ALTER DATABASE [PartitioningDB]

    ADD FILE 

    (

    NAME = [PartJan],

    FILENAME = 'C:\Program Files\Microsoft SQL Server\MSSQL11.LENOVO\MSSQL\DATA\PartitioningDB.ndf',

        SIZE = 3072 KB, 

        MAXSIZE = UNLIMITED, 

        FILEGROWTH = 1024 KB

    ) TO FILEGROUP [January]

The same way files to all created filegroups with specifying the logical name of the file and the operating system (physical) file name for each filegroup e.g.:

ALTER DATABASE [PartitioningDB]

    ADD FILE 

    (

    NAME = [PartFeb],

    FILENAME = 'C:\Program Files\Microsoft SQL Server\MSSQL11.LENOVO\MSSQL\DATA\PartitioningDB2.ndf',

        SIZE = 3072 KB, 

        MAXSIZE = UNLIMITED, 

        FILEGROWTH = 1024 KB

    ) TO FILEGROUP [February]

To check files created added to the filegroups run the following query:

SELECT 

name as [FileName],

physical_name as [FilePath] 

FROM sys.database_files

where type_desc = 'ROWS'

GO

Dialog showing name and path for files created added to the filegroups

After creating additional filegroups for storing data we’ll create a partition function. A partition function is a function that maps the rows of a partitioned table into partitions based on the values of a partitioning column.
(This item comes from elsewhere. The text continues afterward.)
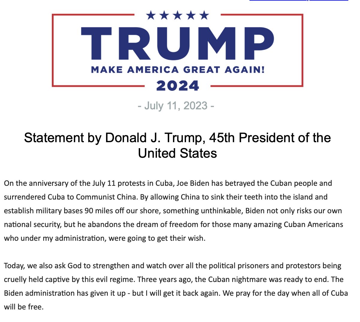 Team Trump (Text TRUMP to 88022) on X: “Statement by Donald J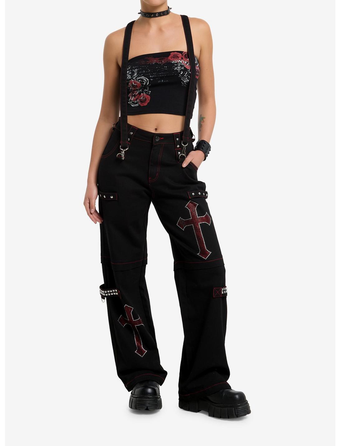 Cross the line into edgy territory with these statement pants! Featuring red rhinestone cross designs down the legs, plus strap detailing with stud accents. They have a wide leg fit and come with pockets and removable suspender straps.97% cotton; 3% spandexWash cold; dry lowRise: 13''Inseam: 30''ImportedListed in junior sizesModel is 5'7''Model wears size 3

In this example we will create a partitioning function that partitions a table into 12 partitions, one for each month of a year’s worth of values in a datetime column:

CREATE PARTITION FUNCTION [PartitioningByMonth] (datetime)

AS RANGE RIGHT FOR VALUES ('20140201', '20140301', '20140401',

               '20140501', '20140601', '20140701', '20140801', 

               '20140901', '20141001', '20141101', '20141201');

To map the partitions of a partitioned table to filegroups and determine the number and domain of the partitions of a partitioned table we will create a partition scheme:

CREATE PARTITION SCHEME PartitionBymonth

AS PARTITION PartitioningBymonth

TO (January, February, March, 

    April, May, June, July, 

    Avgust, September, October, 

    November, December);

Now we’re going to create the table using the PartitionBymonth partition scheme, and fill it with the test data:

CREATE TABLE Reports

(ReportDate datetime PRIMARY KEY,

MonthlyReport varchar(max))

ON PartitionBymonth (ReportDate);

GO

INSERT INTO Reports (ReportDate,MonthlyReport)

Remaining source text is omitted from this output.